Sleep Onset Insomnia - What to Do When You Just Can't Get to Sleep

Sleep onset insomnia occurs when a person wants to sleep but can't fall asleep. Sleep onset insomnia may be caused by jet lag, which usually resolves within 2 days to 2 weeks, or by a variety of other conditions. When the problem is jet lag, or delayed sleep phase disorder, the person can get to sleep, just not at the desired time. In sleep onset insomnia, sleep isn't made any easier just by changing bedtime.

This condition contrasts to sleep maintenance insomnia, when it's easy to fall asleep but hard to stay asleep. People who have sleep onset insomnia usually sleep through the night once they fall to sleep.

Causes of Sleep Onset Insomnia

By far the most common cause of sleep onset insomnia is anxiety. Worry about life events stalls sleep. As long as the worrisome life event is not insomnia itself, taking care of personal needs or treating anxiety will relieve sleep onset insomnia.

Sometimes the cause of chronic sleep onset insomnia is that the adrenal glands are out of sync with the body's normal cycles of sleep and wakefulness. It's ordinary and necessary for the adrenal glands to produce an unusually large amount of the stress hormone cortisol about sunrise. The surge in cortisol helps us wake up and stay awake all day. When the adrenal glands produce this surge of cortisol in the late evening, however, falling to sleep becomes difficult or impossible.

Why would the adrenal glands get out of sync with the daily rhythms of going to bed and getting up in the morning? The origins of sleep onset insomnia may start when people don't get sleep and don't make it up.

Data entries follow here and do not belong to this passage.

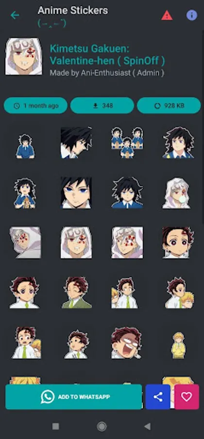+100000 Anime Stickers & Animated For WhatsApp WAStickers is the best collection of amazing anime chat stickers for WhatsApp. is a compilation of fan made anime stickers and made personal by us of your favorite anime For WhatsApp, enjoy sharing ( 100,000 anime stickers ) one hundred thousands of Anime WAStickers with your friends you your family!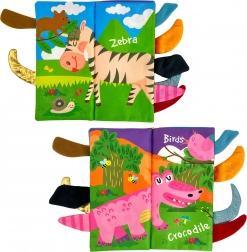 Cărțicica textilă cu tematică de animale din pădure este jucăria ideală pentru cei mai mici. Paginile moi cu efect foșnitor stimulează auzul, culorile vii antrenează vederea, iar cozile ieșite în relief invită la prindere. Astfel, copiii își exersează natural motricitatea fină și coordonarea mână–ochi.
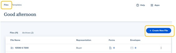 1. Under the Files tab of the main navigation menu of SkySlope Forms, select +Create New File.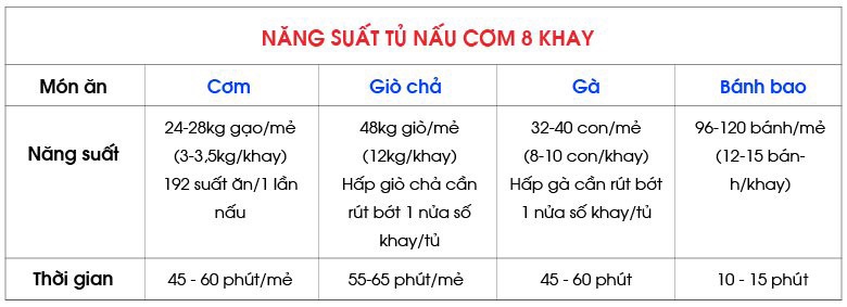 Tủ hấp cơm 8 khay đáp ứng được khoảng 120 – 130 suất ăn trong một lần vận hành, phù hợp với cơ sở kinh doanh quy mô vừa và nhỏ.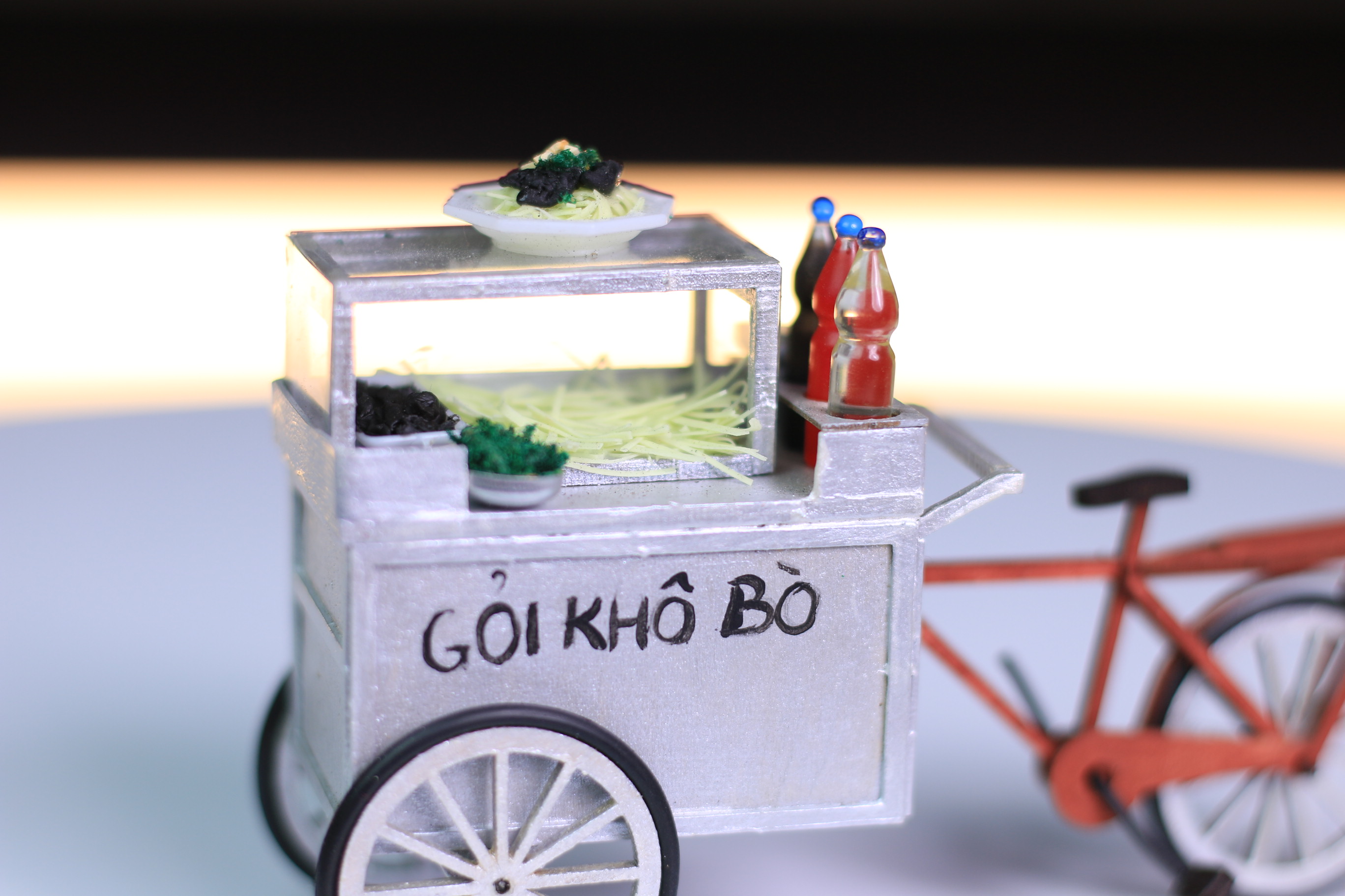 Mô Hình Xe Hàng Rong Thu Nhỏ Bằng Gỗ Ở Sài Gòn - Xe Gỏi Khô Bò - HR15 KHÁCH LƯU Ý - SẢN PHẨM TỰ SƠN VÀ LẮP RÁP - SẢN PHẨM CHƯA BAO GỒM KEO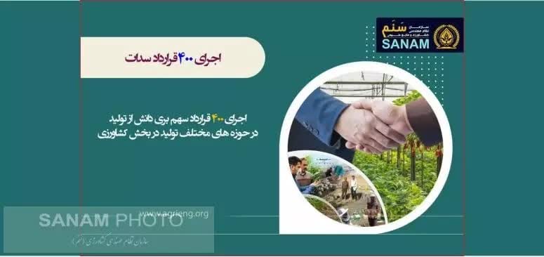 تاکنون بیش از ۴۰۰ قرارداد سهم بری دانش از تولید در حوزه های مختلف تولید در بخش کشاورزی با مشارکت کارشناسان و بهره برداران اجرا شده است.
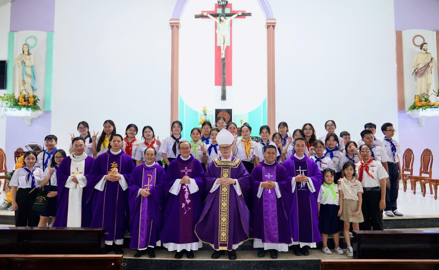 Đồng tế với ngài có linh mục chánh xứ Giuse Hồ Thứ, hai linh mục phó xứ: Giuse Nguyễn Thành Công và GioaKim Đỗ Bá Thái, các linh mục dòng Ngôi Lời và các linh mục từ Đại Chủng viện Huế, cùng đông đảo các em thiếu nhi ngồi chật kín khuôn viên nhà thờ. Đây là chuyến thăm đầu tiên của Ngài tại giáo xứ.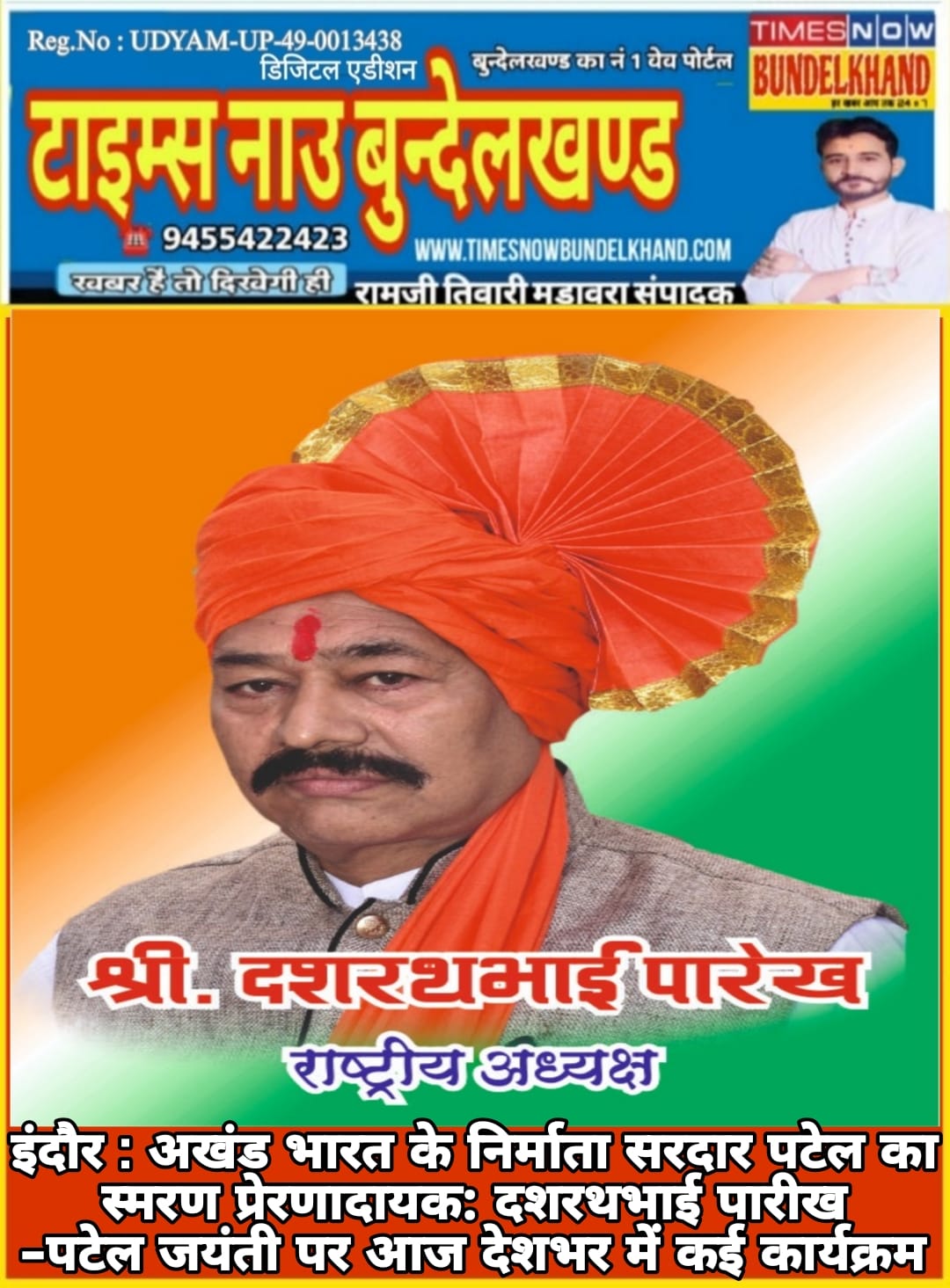 *अखंड भारत के निर्माता सरदार पटेल का स्मरण प्रेरणादायक: दशरथभाई पारीख* -पटेल जयंती पर आज देशभर में कई कार्यक्रम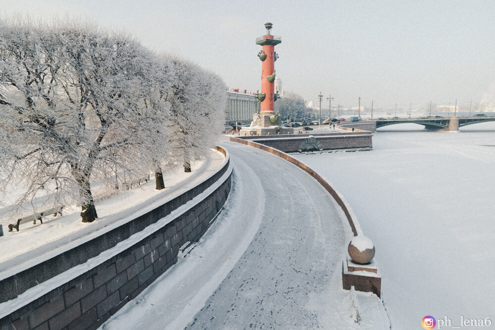 Стрелка Васильевского острова - один из самых известных архитектурных ансамблей города; Замерзшая Нева и яркая ростральная колонна 1805 года.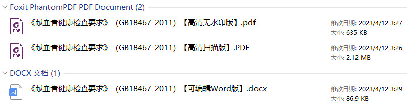 《献血者健康检查要求》(GB18467-2011)【全文附高清无水印PDF+DOC/Word版下载】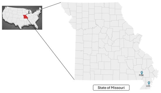 Location of Missouri, USA and two Missouri field environments used in this study—LEE (36.403 N, 89.595 W) in Pemiscot County and FISK (36.802 N, 90.211 W) in Butler County.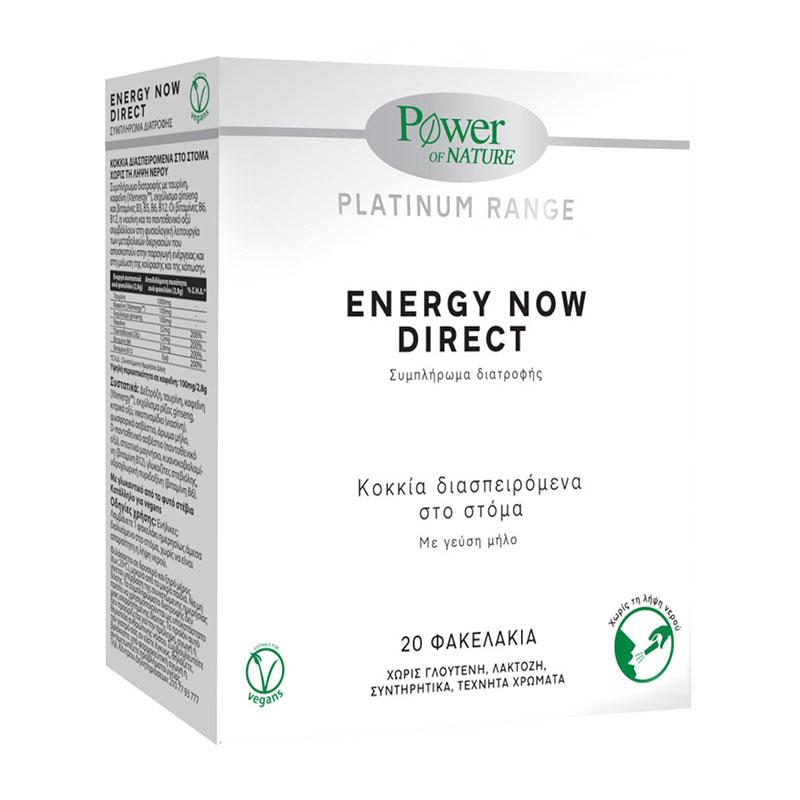 Το Energy Now Direct είναι σε νέα πρωτοποριακή μορφή κοκκίων που λαμβάνονται χωρίς τη λήψη νερού. Περιέχει ταυρίνη, καφεΐνη (Xtenergy™), εκχύλισμα ginseng και βιταμίνες Β3, Β5, Β6, Β12.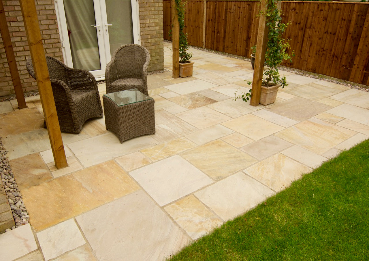 Use CalculatorMint Fossil Indian Sandstone Paving (Mixed Size 18.9m² Patio Pack 22mm Calibrated)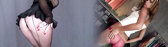Homemade video of a solo nymph wearing nylon stockings having joy

Take the example of a young person going to school and working two jobs, saving sleep time for the weekend. The first Monday night on this grueling schedule, this person may need eight hours of sleep but get four. The adrenal glands won't be ready to release a surge of adrenalin until about eight hours after sleep was to start, but by that time the person has already been up for four hours. She feels groggy in the morning but OK when her adrenalin kicks in, later in the morning.

Then if the same person gets only four hours of sleep Tuesday night, the adrenal glands may be activated even later Wednesday, in the early afternoon. By Friday night, the adrenal glands may be unloading their "morning" cortisol when it's actually time to sleep, making catch-up sleep very difficult.

What Can Be Done About Sleep-Onset Insomnia?

Doctors usually treat sleep-onset insomnia with hypnotic drugs such as zolpidem (Ambien) and zaleplon (Sonata). Many people who have sleep-onset insomnia may also benefit from over-the-counter melatonin, although it's critically important to take melatonin only about an hour before bedtime. Otherwise, sleepiness will come too soon and further disrupt daily sleep rhythms.

These drugs induce sleep and they clear from the bloodstream quickly enough that they don't cause daytime drowsiness, but they don't reset the adrenal clock. That's only possible by getting enough sleep every night. As long as someone "burns the midnight oil," it will be harder and harder to fall asleep each successive night because of sleep-onset insomnia.

Failure to get regular sleep can eventually lead to depression and "adrenal burnout," in which the adrenals respond to unusual wakefulness patterns so long that they simply stop producing cortisol, causing a condition of being tired all the time. The longer you deprive yourself of needed sleep, the more difficult it will be to recover.

Selected References:

Mills JN, Minors DS, Waterhouse JM. Adaptation to abrupt time shifts of the oscillator(s) controlling human circadian rhythms. Journal of Physiology. 1978;285:455-470.

Weitzman ED, Nogeire C, Perlow M. Effects of a prolonged 3 hour sleep wake cycle on sleep stages, plasma cortisol, growth hormone and body temperature in man. Journal of Clinical Endocrinology and Metabolism. 1974;38(6):1018-1030.